Avrupa Birliği'nin orduyu eleştirmeyen açıklaması kendi üyelerini rahatsız etti.
Mısır'da ordunun yönetime el koymasının ardından açıklama yapan Avrupa Birliği'nin, yaşananları "darbe" olarak nitelendirmekten ve kınamaktan kaçınması bazı üye ülkeleri rahatsız etti.
İsveç Dışişleri Bakanı Carl Bildt, "AB'nin daha kapsamlı bir açıklama yapmasına ihtiyaç var. İstişareler devam ediyor" dedi. Bildt, "Mısır'da herkes demokratik ilkelere ve anayasal düzene saygı göstermeli" uyarısında bulunarak, darbecilerin bazı televizyon kanallarını kapattığı haberlerini endişeyle karşıladığını belirtti.

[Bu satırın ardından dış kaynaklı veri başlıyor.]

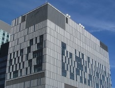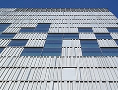 The designer can “create” a new ribbed profile: straight, square, rectangle, angled, double-angled, multi-angled and or multiple depths. This covering is offered in D-MAX pre-painted aluminium which is a special aluminium alloy designed with high mechanical stability as well as high resistance to salty air; PVDF type Kynar 500-70% finishes such as Duranar XL; comes with a 30 year guarantee.

AB Dış İlişkiler ve Güvenlik Politikası Yüksek Temsilcisi Catherine Ashton, Mısır'da ordunun yönetime el koymasının ardından AB adına yaptığı açıklamada darbecileri eleştirmekten kaçınırken "Mısır'da bütün tarafları serbest ve adil cumhurbaşkanlığı ve parlamento seçimlerinin yapılması ve anayasanın onaylanması dahil hızla demokratik sürece dönmeye zorluyorum. Bunlar ülkenin kaldığı yerden devam edebilmesi ve demokratik dönüşümünü tamamlayabilmesi için tamamen kapsayıcı yaklaşımla yapılmalı" ifadesini kullanmıştı.
Ashton açıklamasında "Umarım yeni yönetim bütünüyle kapsayısı olur" temennisinde bulunmuştu. Açıklama öncesinde Mısır'da darbeye destek veren muhalefet lideri Muhammed el-Baradai ile telefonda görüşen Ashton'ın bu tavrı, ordunun atadığı yönetimle çalışma iradesi olarak değerlendiriliyor. AB kaynakları birçok üye ülkenin, Ashton'dan daha kapsamlı ve daha demokratik bir açıklama bekleyen İsveç'e destekl verdiğini belirtiyor.
Mısır, kaderine terkedilemez
Dün darbenin yaşandışı akşam saatlerinde Avrupa Parlamentosu Genel Kurulu'nda Mısır tartışması yaşanmış, siyasi gruplar adına yapılan konuşmalarda Cumhurbaşkanı Muhammed Mursi'nin "halkının beklentilerine cevap vermekte başarısız olduğu" ve "AB desteğini haketmediği" mesajı yoğun olarak verilmişti.
Oturumda Hristiyan Demokratlar adına konuşan Jose Ignacio Salafranca "Mısır büyük bir ülke, Arap dünyasının sembolü. Ortadoğu Barış Süreci'nde kilit ortak. Suriye'de yaşananlarda kilit etkisi var. Mısır kaderine terkedemeyeceğimiz bir ülke" dedi.
Sosyalistler adına söz alan Veronique de Keyser, "Mursi'nin demokratik yollarla seçildiğini ama Mısır halkının beklentilerini karşılayamadığını" belirtmiş fakat alternatifinin ordunun görevlendireceği bir cumhurbaşkanı olamayacağını vurgulamıştı.
Liberaller adına konuşan Marietje Schaake, Mursi'nin Mısır halkının büyük çoğunluğunun gözünde meşruiyetini kaybettiğini iddia etmişti. Schaake, Mursi'yi ekonomik reformda ve ülkeyi demokrasiye götürmekte başarısız olmakla, azınlıkların haklarını kısıtlamakla, sivil toplumu cezalandırmakla itham etmişti.
Muhafazakarlar ve Reformistler adına söz alan Charles Tannock ise Mursi'nin kaotik yönetimiyle uluslararası ortaklarının ve kendi halkının sabrını test ettiğini, Mübarek rejiminden bile ileri gittiğini ileri sürmüş, başlangıçta Mursi'ye "destek verdiği" için Avrupa Birliği'ni sert sözlerle eleştirmişti.
Oturumda Ashton adına konuşan dönem başkanlı Litvanya'nın Dışişleri Bakan Yardımcısı Vytautas Leskevicius, "Mursi'nin 'başarısızlıklarına' vurgu yaparak, birçok Mısırlı'nın Mübarek rejimi sırasında daha iyi oldukları" görüşünü paylaştığını iddia etmişti.